Alex: Can you describe that one for me, because I’d love to hear what you’re actually doing.

Stephanie: Yeah, basically, what the nurses do is as they watch the patient do whatever they’re doing. So, can they get up and go to the bathroom? Can they get up and walk around the room? And they input these different things. Can they stand? Can they sit? Can they walk? And what that does is it actually triggers a mobility goal for the patient. And so it’ll say like, if you get a score of 17, they need to at least be standing. If you get a score of 22, you need to be walking around the room. And so it gives them a mobility target for the day. And then we can actually check, are our patients meeting their mobility goals? And we can see if they’re losing function over time. So, because that screen’s being done every single day in the morning, if they come in with AM-PAC of 24, and six days later, they’re 17, that’s a trigger to us that their function is declining in the hospital.

Eric: Can you pull it up as easy as you pull up their blood pressure or their weight?

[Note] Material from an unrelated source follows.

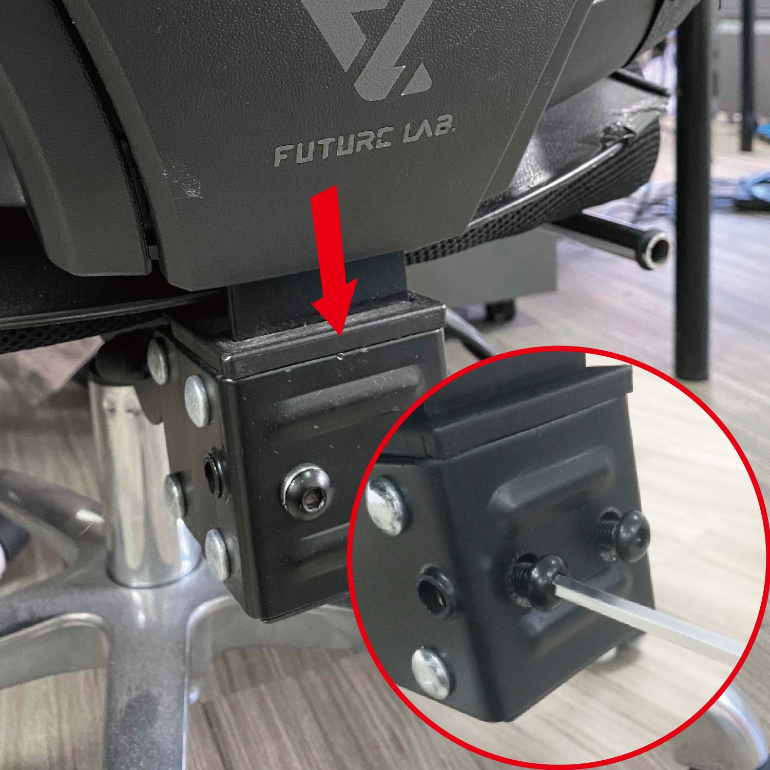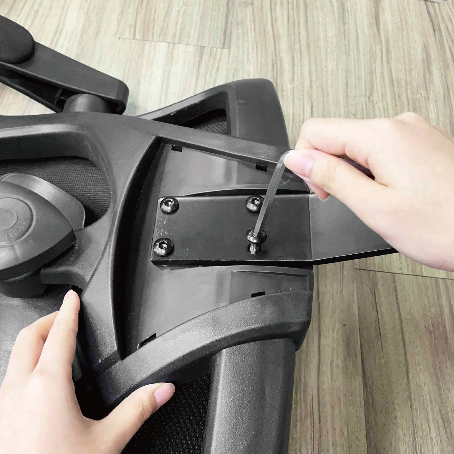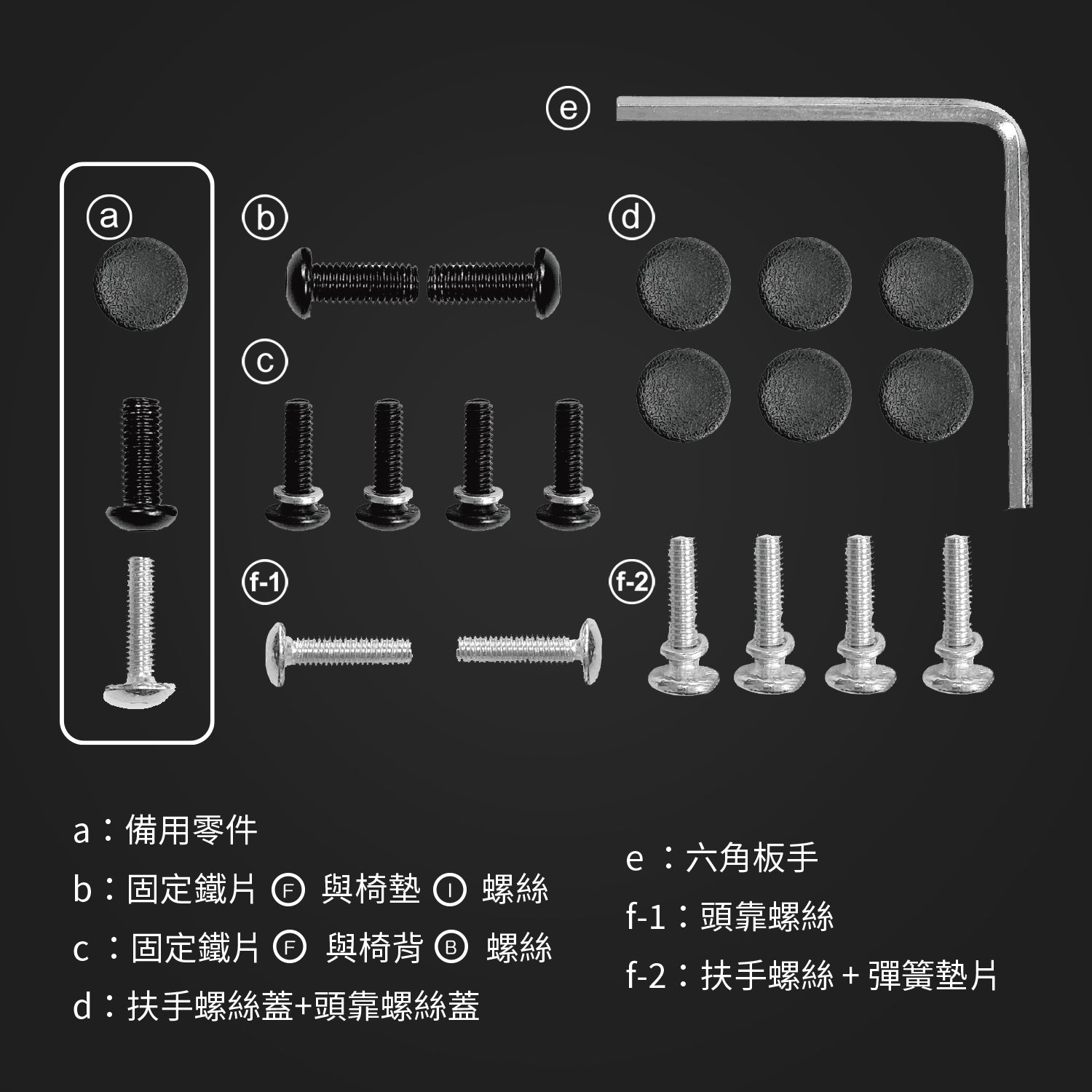 4.鐵片 Ⓕ 翹面朝上,使用椅背螺絲 c 將鐵片固定於椅背 Ⓑ。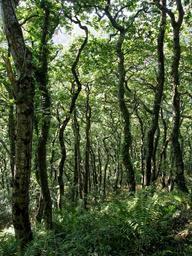 Keywords: woodland trees forest dappled landscape gnarled foliage branches summer nature wood

Stephanie: We actually put it in the comprehensive vitals screen. Both the delirium cognition screens and the mobility screens are there.

Eric: Wow.

Stephanie: Yeah.

Alex: That’s awesome.

Stephanie: It takes some negotiation.

Julia: And the amount of work you do and it’s impact on one institution. And then you think about, well, how do we scale this? Right? To the country? And does this mean that every organization has to go through all of the work, or can we start to identify models of success? Like, okay, well, if this is what UCSF is doing, can we just spread that to all of the UC Systems or, because I think, if we want to achieve a truly age-friendly health system, we have to figure out more efficient ways to scale that everyone doing this work on their own.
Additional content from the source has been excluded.